10. La cour d'appel a constaté, d'une part, que la salariée, convoquée à l'entretien préalable au licenciement par lettre du 2 juillet 2018, s'est vue proposer lors de celui-ci, le 11 juillet 2018, d'adhérer à un contrat de sécurisation professionnelle qu'elle a accepté le 23 juillet suivant et, d'autre part, que le motif économique de la rupture du contrat de travail ne lui a été notifié que par lettre du 1er août 2018.
11. De ces énonciations et constatations, dont il résulte qu'aucun écrit énonçant la cause économique de la rupture n'avait été remis ou adressé à la salariée au cours de la procédure de licenciement, la lettre du 15 mai 2018 ayant été adressée lors de la procédure spécifique de modification de son contrat de travail, la cour d'appel a exactement déduit que l'employeur n'avait pas satisfait à son obligation légale d'informer la salariée du motif économique de la rupture et que le licenciement était sans cause réelle et sérieuse.
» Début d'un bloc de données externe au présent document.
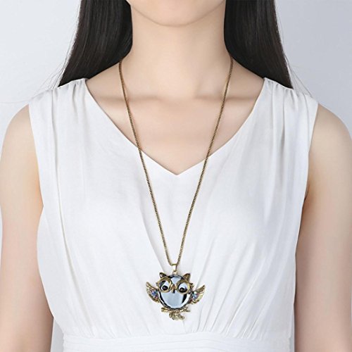 -. Title : Fashion Vintage Rhinestone Studded Owl Pattern Long Necklace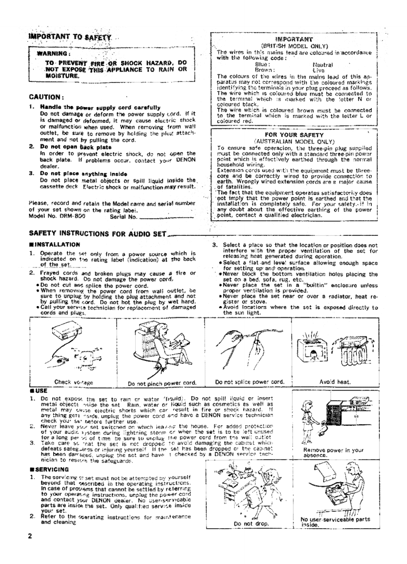 DENONHi-F ComponentSERVICE MANUALSTEREO CASSETTE TAPE DECKMODELDRM-800TABLE OF CONTENTSOPERATING INSTRUCTIONS............................................................211SPECIFICATIONS....................................................................IBLOCK DlAGRAM..........................…12LEVEL DIAGRAM.,·…….13DISASSEMBLY INSTRUCTIONS..................................................14-15ADJUSTING AND CHECKING THE MECHANISM SECTION..........................15-17ADJUSTING THE ELECTRCAL SECTIONS..........1719PARTS LIST OF EXPLOPED VIEW.................……20EXPLODED VIEW OF CABINET AND CHASSIS GROUP.,···.…21PARTS LiST OF 4U-1817/4U-1823/MECHANISM EXPLODED VIEW.......................22EXPLODED VICW OF MECHANISM...,、.....…23PARTS LIST OF 4U-1816.................................................24WNG0 AGRAM.25SCHEMATIC DIAGRAM...........................26-27P.W.BOARD OF 4U-1816....8PW80A8D0F4U-1817f4-1823.··……···…29SEMICONDUCTORS.........30NIPPON COLUMBIA CO LTD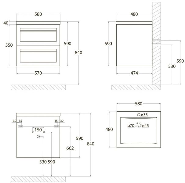Тумба под раковину Art&Max выполнена в современном стиле и прекрасно впишется в интерьер любой ванной комнаты. Благодаря подвесной конструкции изделие не занимает много места, позволяет экономить пространство и облегчает уборку. Модель оснащена двумя выдвижными ящиками с доводчиками. Фасад изделия выполнен из МДФ.Тумба может использоваться вместе с раковиной AM-LAV-580-MR-A.Раковина и смеситель в комплект поставки не входят и приобретаются отдельно.Особенности: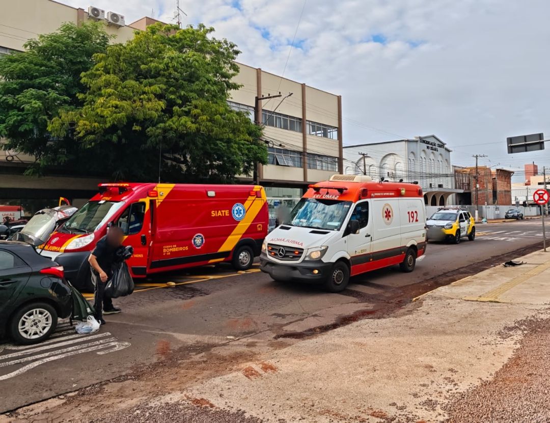 Um motociclista de 44 anos ficou gravemente ferido após um acidente registrado no início da manhã desta quinta-feira (16), no cruzamento das ruas Rui Barbosa e Raimundo Leonardi, ao lado do Terminal Rodoviário de Toledo.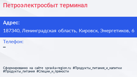 Петроэлектросбыт, терминал по адресу 187340, Ленинградская область, Кировск, Энергетиков, 6 в дальнейшем Организация, размещена в следующих категориях: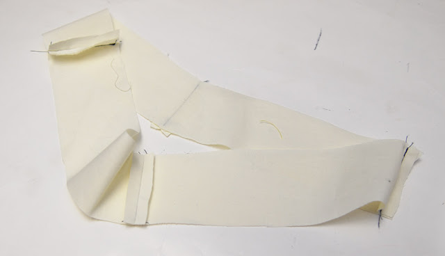 Now for the pants sew a front and back leg right sides together along the straight edge and from the curve of the crotch to the ankle.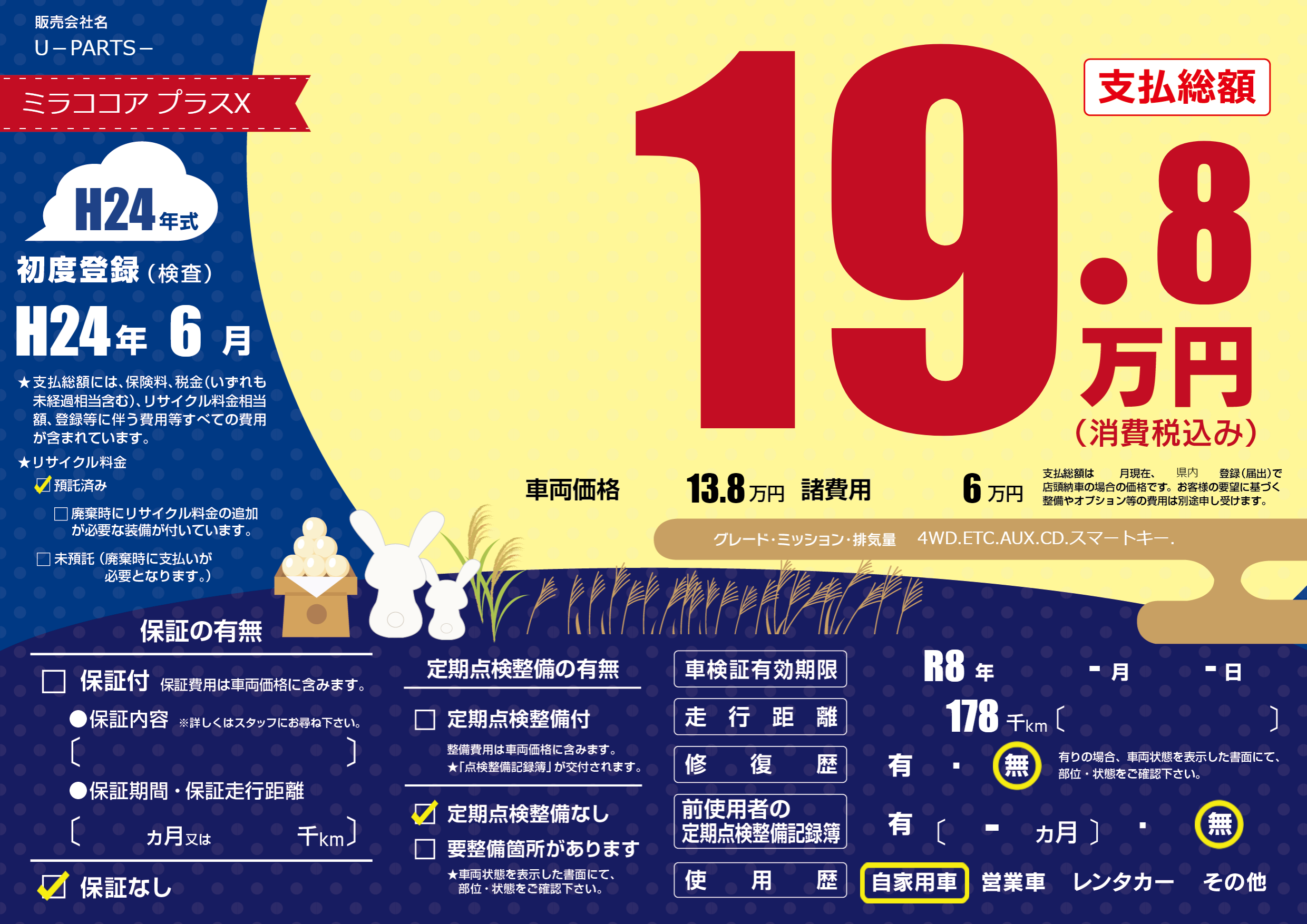 | 走行キロ | 17.8万km | 初年度登録 | H24年6月 |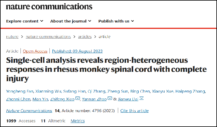 單細(xì)胞技術(shù)解析靈長(zhǎng)類(lèi)脊髓損傷修復(fù)機(jī)制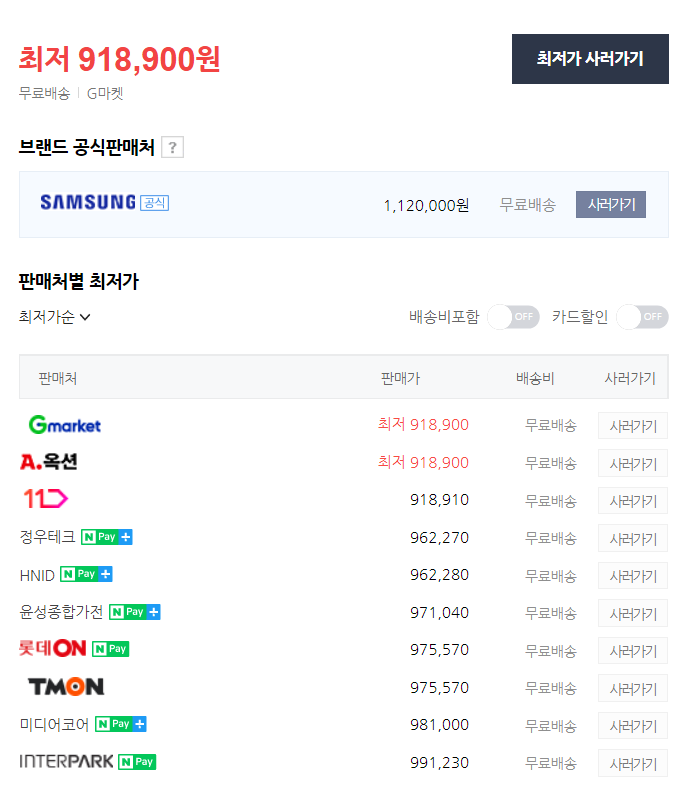네** 검색하시면 쇼핑몰별 가격대는 여러 군데가 나오니, 편하신 쪽으로 이용하셔도 괜찮을 듯합니다.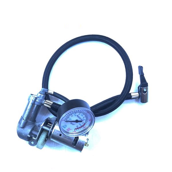 Thông số kỹ thuật của máy bơm cao áp khí nén mini: Điện áp: 12V Dòng không tải: 4.2A Dòng tải tối đa: 6A Nén tối đa tầm 7kg ~ 100psi Bơm kèm vòi đi kèm Pistong hợp kim Đường kính ngoài ống dẫn: 10mm Đường kính trong ống dẫn khí: 5mm Chiều dài ống dẫn: 50cm Đường kính motor: 35mm Chiều dài động cơ: 50mm Trục động cơ: 3mm Độ dài trục: động cơ: 9mm Khối lượng: 500 gram Đồng hồ đo áp xuất Ứng dụng của bơm cao áp khí nén 12V: Bơm khí nén với áp suất cao được sử dụng rộng rãi trong cuộc sống hằng ngày. bơm hơi các loại xe, xì khô đồ vật bằng khí ....

12. Le moyen n'est donc pas fondé.
PAR CES MOTIFS, la Cour :
REJETTE le pourvoi ;
Condamne la société Axa Antilles Guyane aux dépens ;
En application de l'article 700 du code de procédure civile, rejette la demande de la société Axa Antilles Guyane et la condamne à payer à Mme [Z] la somme de 3 000 euros ;
Ainsi fait et jugé par la Cour de cassation, chambre sociale, et prononcé publiquement le quatre juin deux mille vingt-cinq par mise à disposition de l'arrêt au greffe de la Cour, les parties ayant été préalablement avisées dans les conditions prévues au deuxième alinéa de l'article 450 du code de procédure civile.